*Problem to solve*
Leaving all pictures aside, write out the records below precisely as given.

*Data extracts*
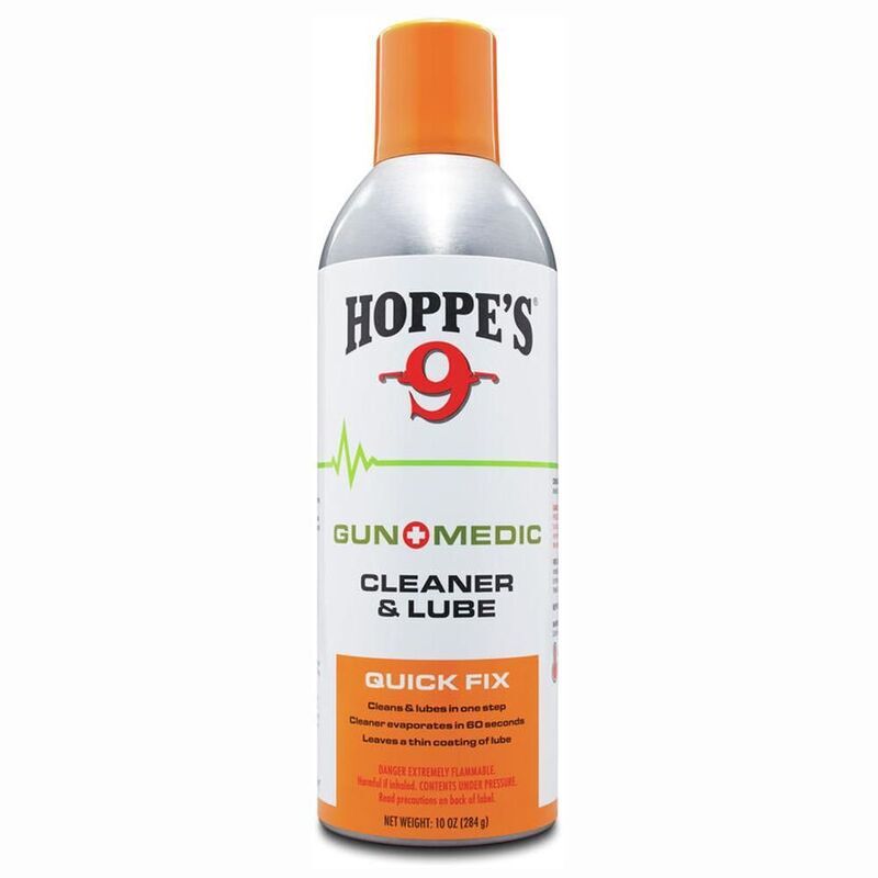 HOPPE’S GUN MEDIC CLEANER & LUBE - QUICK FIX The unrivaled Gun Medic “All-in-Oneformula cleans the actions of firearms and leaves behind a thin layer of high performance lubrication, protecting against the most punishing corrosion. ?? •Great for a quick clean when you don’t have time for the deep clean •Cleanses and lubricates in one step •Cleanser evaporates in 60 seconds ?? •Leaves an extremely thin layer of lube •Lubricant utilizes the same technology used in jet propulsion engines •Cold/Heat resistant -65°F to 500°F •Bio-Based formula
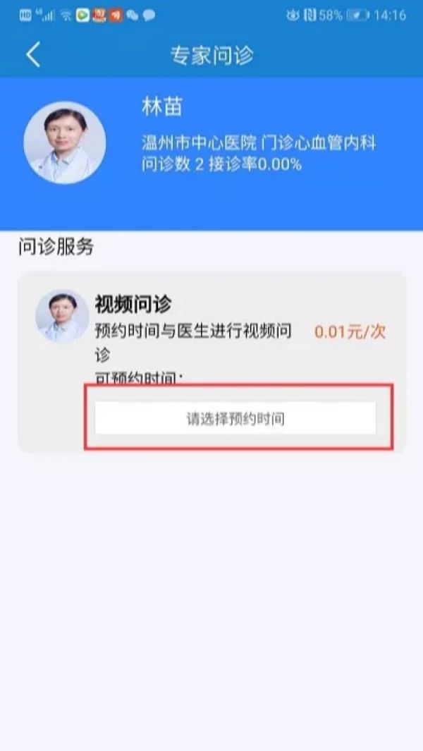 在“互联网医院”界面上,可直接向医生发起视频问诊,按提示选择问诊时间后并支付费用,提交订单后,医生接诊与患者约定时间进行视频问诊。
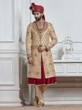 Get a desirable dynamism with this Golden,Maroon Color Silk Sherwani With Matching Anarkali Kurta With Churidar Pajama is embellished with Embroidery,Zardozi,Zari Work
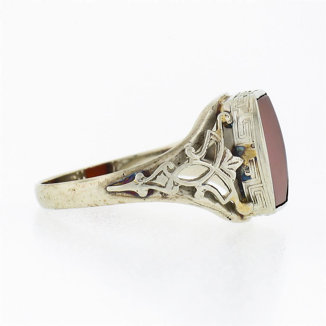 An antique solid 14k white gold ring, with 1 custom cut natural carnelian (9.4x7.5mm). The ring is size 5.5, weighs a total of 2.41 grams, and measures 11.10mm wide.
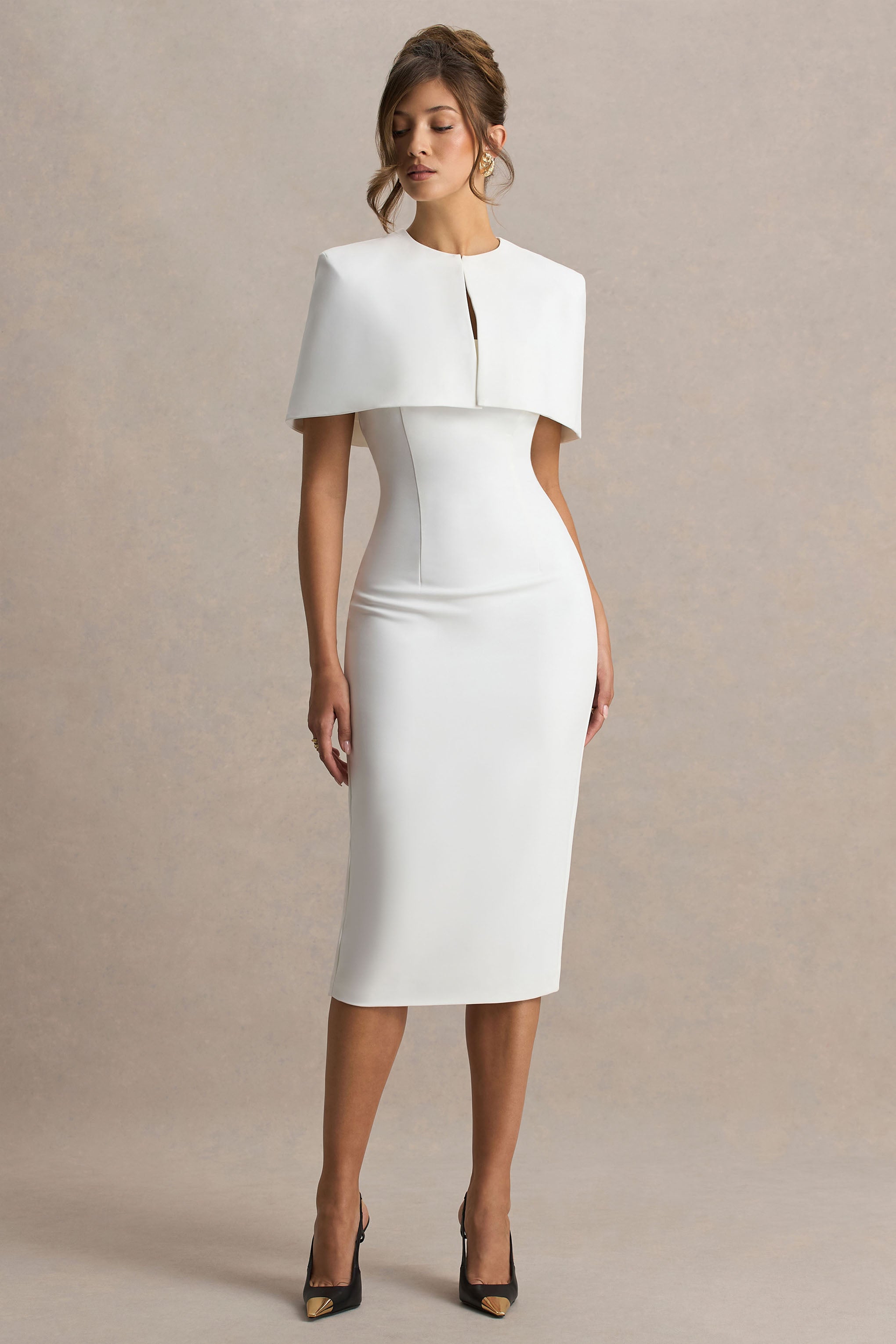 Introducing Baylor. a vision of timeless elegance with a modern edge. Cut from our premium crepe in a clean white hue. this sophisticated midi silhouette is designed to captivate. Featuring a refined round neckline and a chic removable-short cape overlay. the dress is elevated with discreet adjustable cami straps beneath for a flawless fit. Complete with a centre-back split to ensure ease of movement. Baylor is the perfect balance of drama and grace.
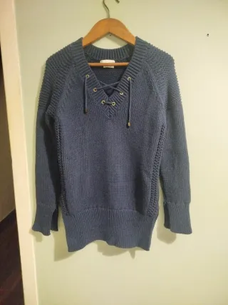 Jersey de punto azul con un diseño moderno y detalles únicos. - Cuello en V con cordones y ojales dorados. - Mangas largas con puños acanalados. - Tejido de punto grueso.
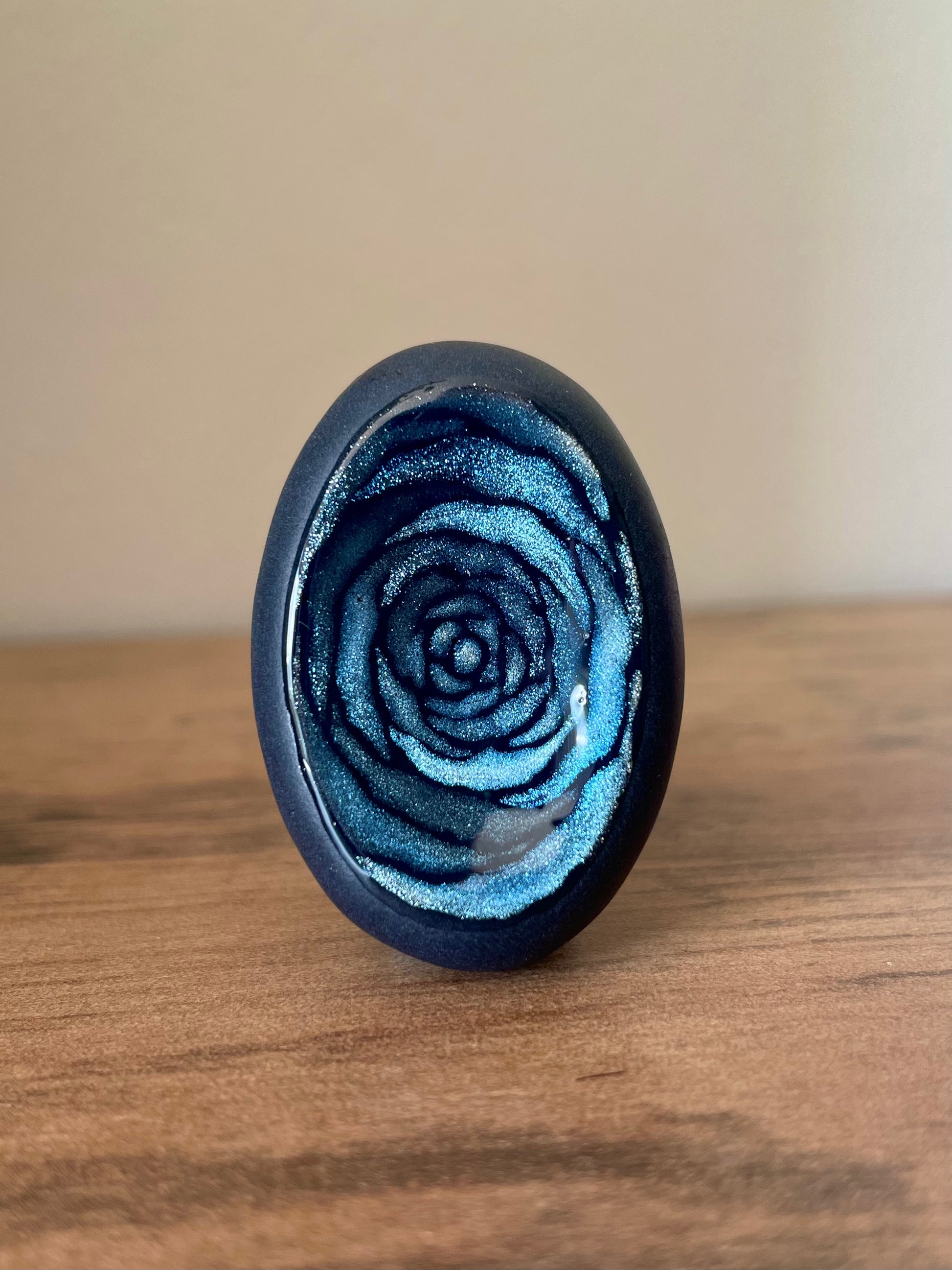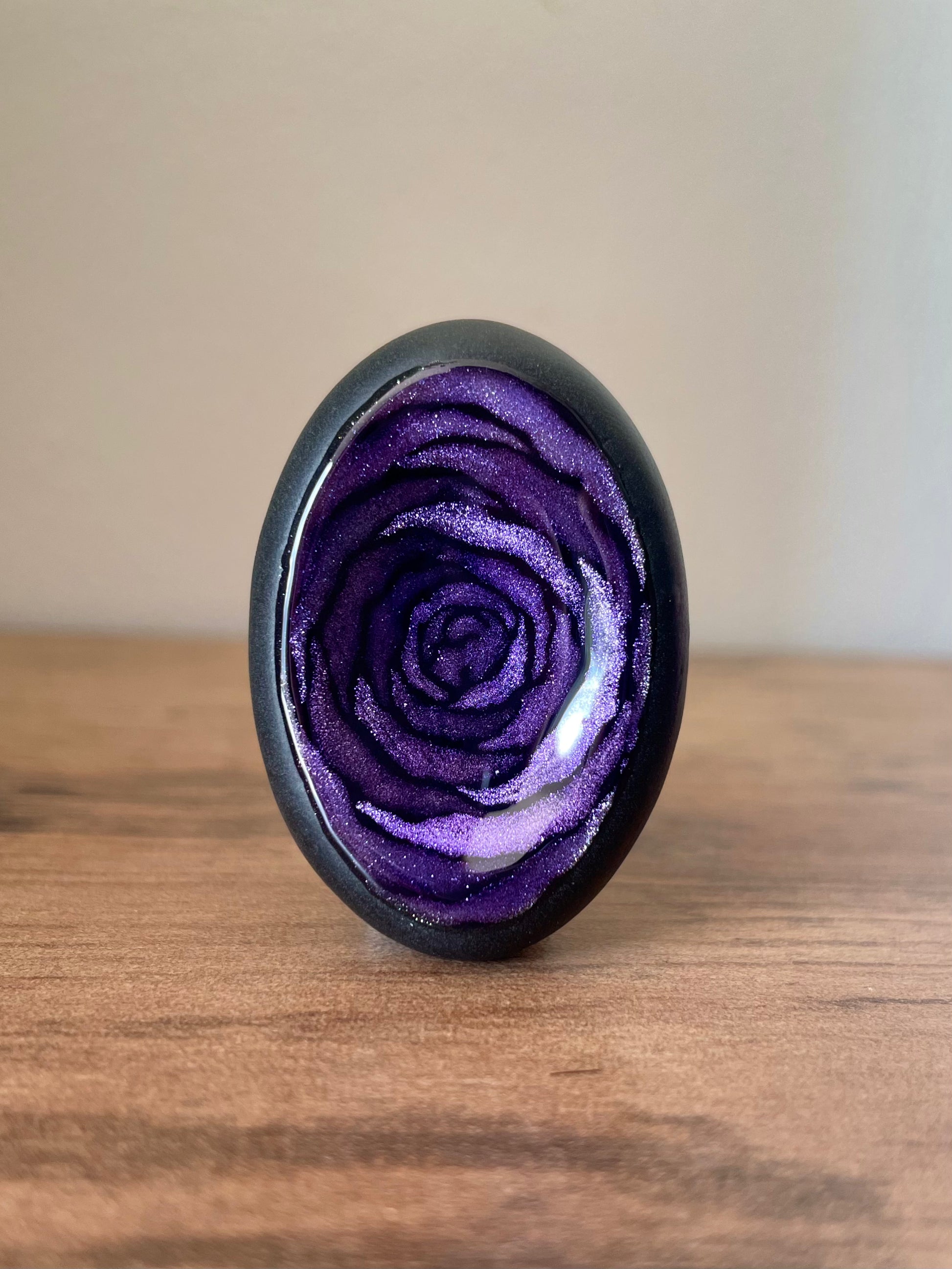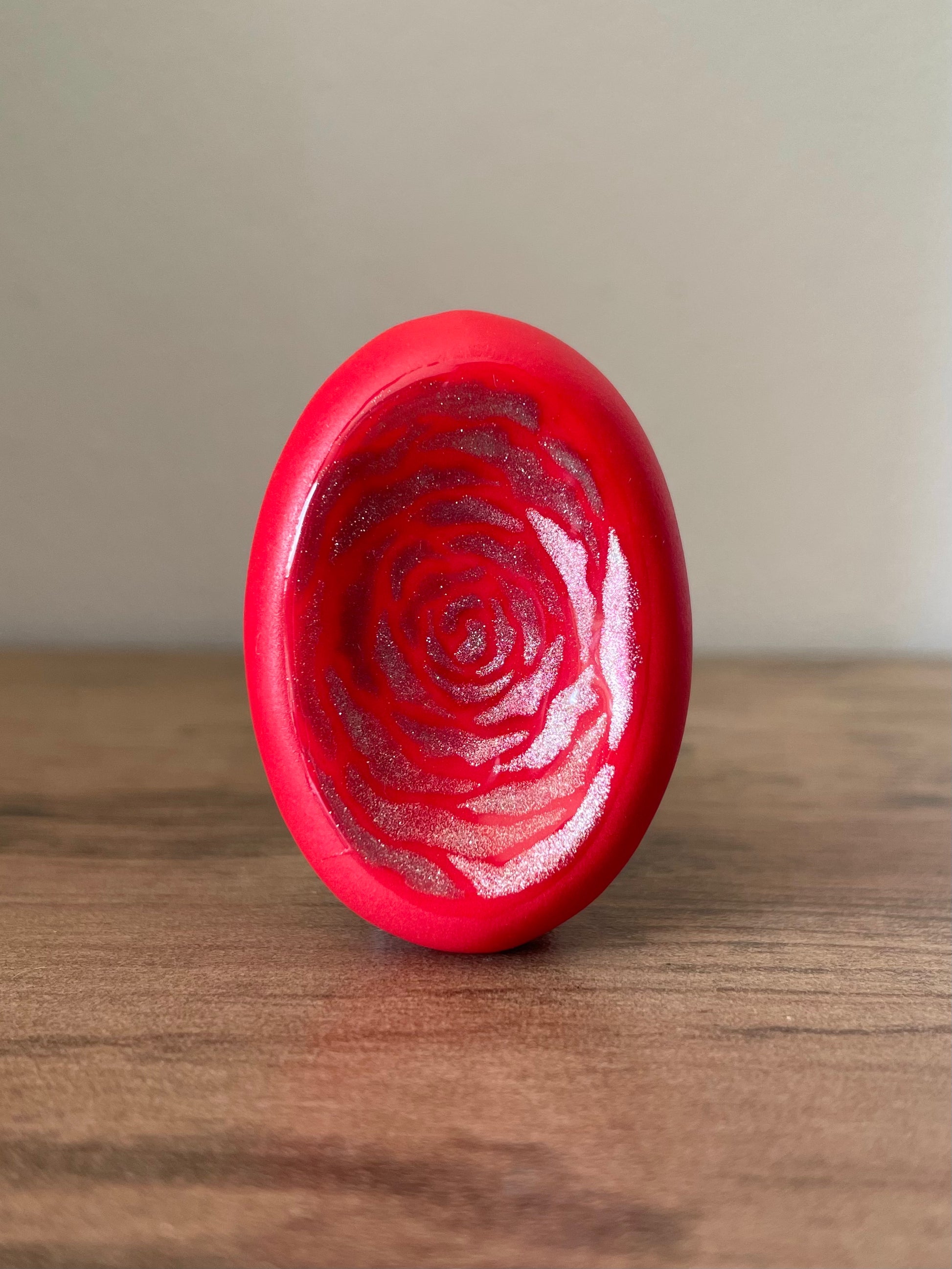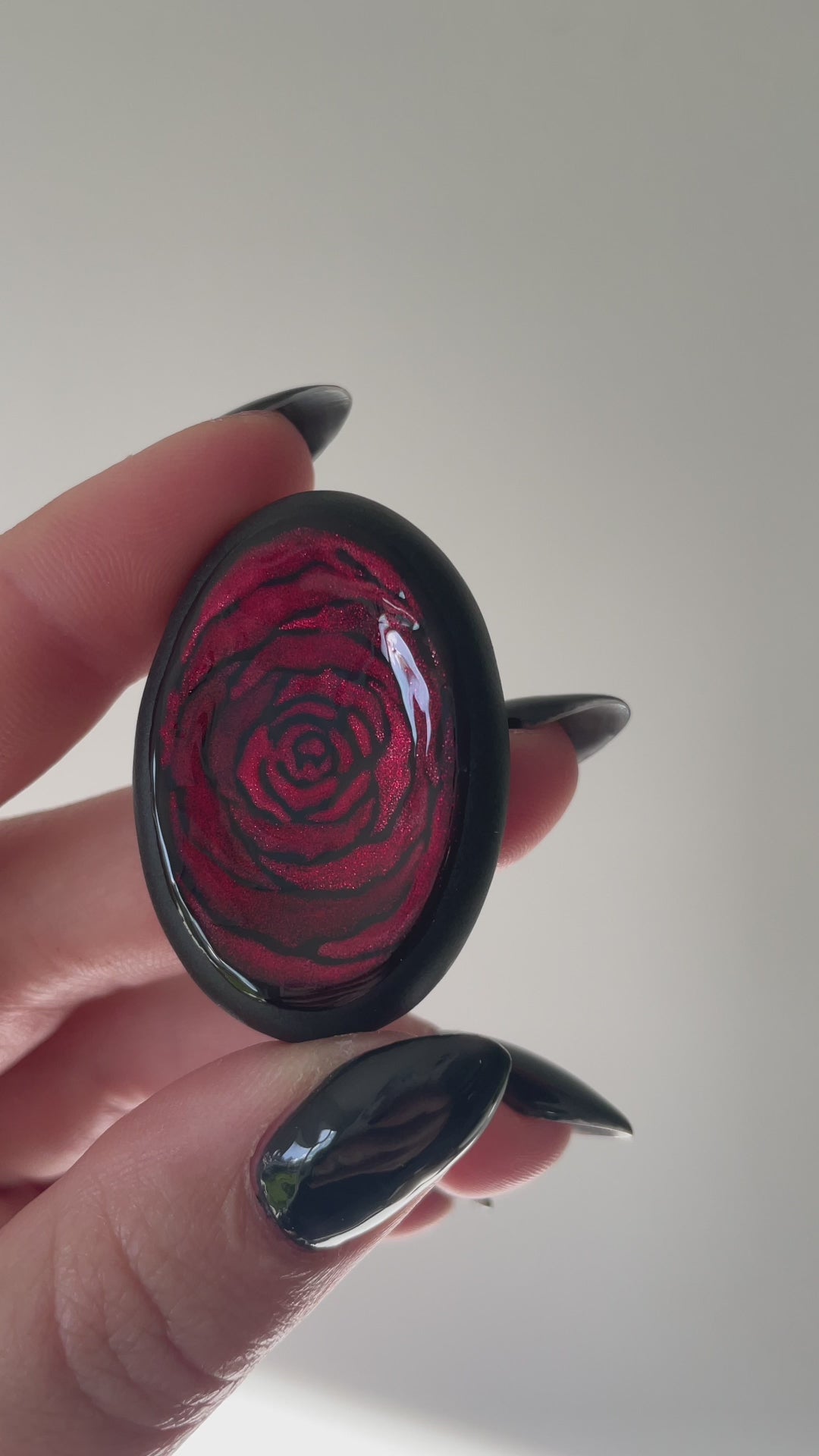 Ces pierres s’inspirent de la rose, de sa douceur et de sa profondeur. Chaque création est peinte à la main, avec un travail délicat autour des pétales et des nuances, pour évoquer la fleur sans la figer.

*Solved problem*
 HOPPE’S GUN MEDIC CLEANER & LUBE - QUICK FIX The unrivaled Gun Medic “All-in-Oneformula cleans the actions of firearms and leaves behind a thin layer of high performance lubrication, protecting against the most punishing corrosion. ?? •Great for a quick clean when you don’t have time for the deep clean •Cleanses and lubricates in one step •Cleanser evaporates in 60 seconds ?? •Leaves an extremely thin layer of lube •Lubricant utilizes the same technology used in jet propulsion engines •Cold/Heat resistant -65°F to 500°F •Bio-Based formula
 在“互联网医院”界面上,可直接向医生发起视频问诊,按提示选择问诊时间后并支付费用,提交订单后,医生接诊与患者约定时间进行视频问诊。
 Get a desirable dynamism with this Golden,Maroon Color Silk Sherwani With Matching Anarkali Kurta With Churidar Pajama is embellished with Embroidery,Zardozi,Zari Work
 An antique solid 14k white gold ring, with 1 custom cut natural carnelian (9.4x7.5mm). The ring is size 5.5, weighs a total of 2.41 grams, and measures 11.10mm wide.
 Introducing Baylor. a vision of timeless elegance with a modern edge. Cut from our premium crepe in a clean white hue. this sophisticated midi silhouette is designed to captivate. Featuring a refined round neckline and a chic removable-short cape overlay. the dress is elevated with discreet adjustable cami straps beneath for a flawless fit. Complete with a centre-back split to ensure ease of movement. Baylor is the perfect balance of drama and grace.
 Jersey de punto azul con un diseño moderno y detalles únicos. - Cuello en V con cordones y ojales dorados. - Mangas largas con puños acanalados. - Tejido de punto grueso.
 Ces pierres s’inspirent de la rose, de sa douceur et de sa profondeur. Chaque création est peinte à la main, avec un travail délicat autour des pétales et des nuances, pour évoquer la fleur sans la figer.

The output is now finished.